### Exercise goal
Range to output from the entries below: the line containing "Sødt Sylvanian Families" through the line containing "Вместительная сумка-тоут MIRONPAN в". Set it down exactly, ends included, nothing else.

### Raw data

---

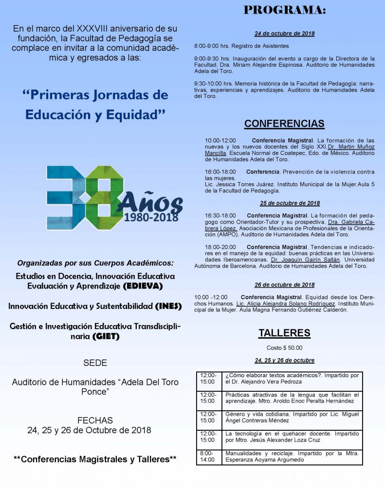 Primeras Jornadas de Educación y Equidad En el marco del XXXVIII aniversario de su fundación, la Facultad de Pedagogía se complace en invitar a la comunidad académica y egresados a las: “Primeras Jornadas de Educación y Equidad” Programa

---

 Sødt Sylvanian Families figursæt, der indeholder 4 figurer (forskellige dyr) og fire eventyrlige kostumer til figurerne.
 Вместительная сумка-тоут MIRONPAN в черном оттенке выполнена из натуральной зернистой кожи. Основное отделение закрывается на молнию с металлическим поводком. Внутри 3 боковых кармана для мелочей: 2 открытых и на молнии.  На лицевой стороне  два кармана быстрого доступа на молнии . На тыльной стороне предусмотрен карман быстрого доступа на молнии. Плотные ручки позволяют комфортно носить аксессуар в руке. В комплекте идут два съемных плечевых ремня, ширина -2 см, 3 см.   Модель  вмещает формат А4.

---

### Answer box
 Sødt Sylvanian Families figursæt, der indeholder 4 figurer (forskellige dyr) og fire eventyrlige kostumer til figurerne.
 Вместительная сумка-тоут MIRONPAN в черном оттенке выполнена из натуральной зернистой кожи. Основное отделение закрывается на молнию с металлическим поводком. Внутри 3 боковых кармана для мелочей: 2 открытых и на молнии.  На лицевой стороне  два кармана быстрого доступа на молнии . На тыльной стороне предусмотрен карман быстрого доступа на молнии. Плотные ручки позволяют комфортно носить аксессуар в руке. В комплекте идут два съемных плечевых ремня, ширина -2 см, 3 см.   Модель  вмещает формат А4.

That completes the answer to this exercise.